Court of Appeals of Minnesota

January 8, 2018

State of Minnesota, Respondent,
v.
Fedor Pakhnyuk, Appellant.

         Scott County District Court File No. 70-CR-12-23227

          Lori Swanson, Attorney General, St. Paul, Minnesota; and Ronald Hocevar, Scott County Attorney, Todd P. Zettler, Assistant County Attorney, Shakopee, Minnesota (for respondent)

          Cathryn Middlebrook, Chief Appellate Public Defender, Steven P. Russett, Assistant Public Defender, St. Paul, Minnesota (for appellant)

          Considered and decided by Ross, Presiding Judge; Johnson, Judge; and Bratvold, Judge.

         SYLLABUS

         A conviction for surreptitious interference with privacy under Minn. Stat. § 609.746, subd. 1(a) (2010), does not require the defendant to have the "intent to intrude upon or interfere with the privacy of a member of the household" when he enters the property of another.

          OPINION

          BRATVOLD, JUDGE

         On appeal from his conviction of interference with privacy of a minor by surreptitious intrusion, appellant Fedor Pakhnyuk challenges the sufficiency of the evidence. Because we determine that a conviction under Minn.

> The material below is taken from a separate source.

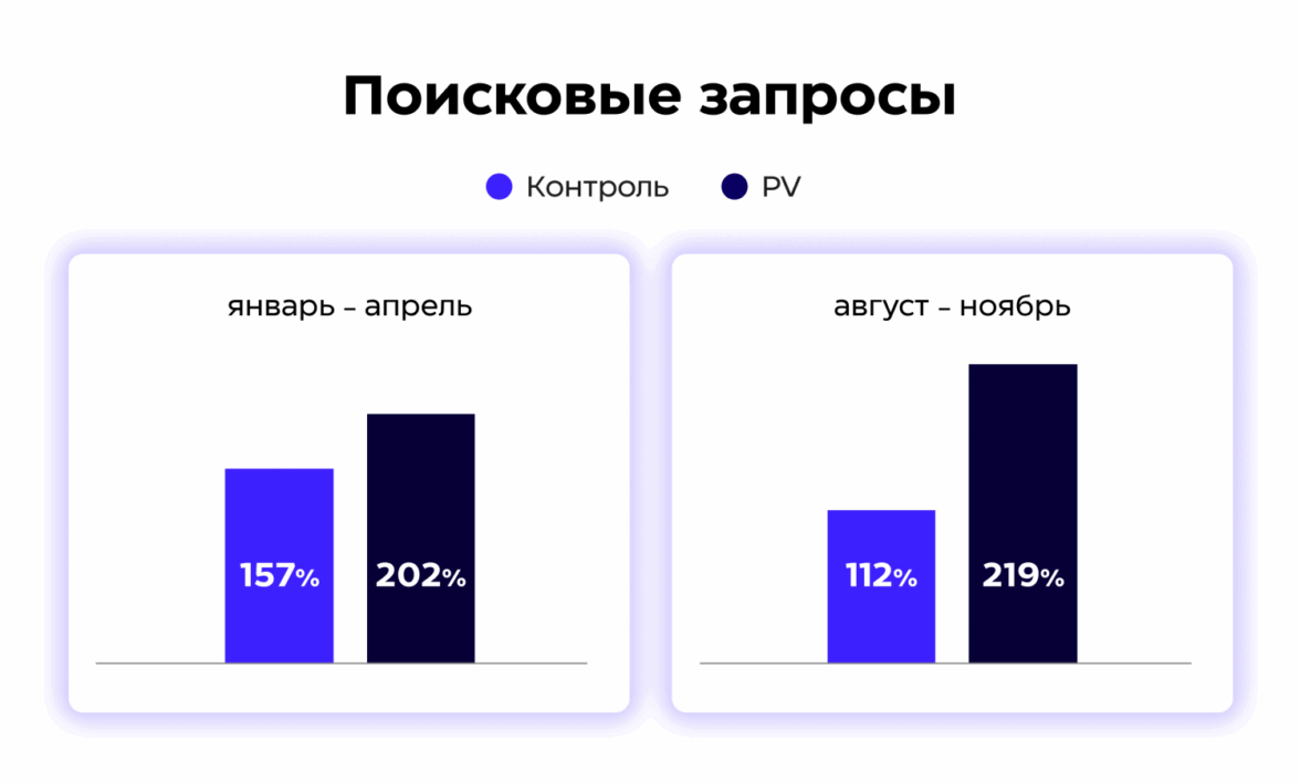 В первую очередь, мы посмотрели, как запуск медийных рекламных кампаний влияет на брендовые запросы и привлечение трафика на сайт. Это можно сделать как через отслеживание на регулярной основе динамики поисковых запросов в WordStat, так и через подключение SearchLift в Яндекс Direct.В нашем случае SearchLift запускались на регулярной основе, и мы видели, что после коммуникации с медийкой пользователи более активно переходили в поиск и вводили запросы, связанные с брендом «Мария».

Stat. § 609.746, subd. 1(a), does not require evidence that a person entered the property of another with the intent to "intrude upon or interfere with the privacy of a member of the household, " we affirm.

         FACTS

         Pakhnyuk, who was 38 years old, was staying at his brother's home in Shakopee to assist with a construction job. Pakhnyuk's niece, who was 14 years old, also lived at the house. On Saturday, July 14, 2012, Pakhnyuk's niece had three friends over for a slumber party; all were about the same age. That night, Pakhnyuk gave his niece and her friends alcohol and made several crude, sexual remarks to them. Pakhnyuk also touched the inner thigh of one friend while they watched television. The friend, K.L., left the room, as did the rest of the girls. They remained in the niece's bedroom for the rest of the night.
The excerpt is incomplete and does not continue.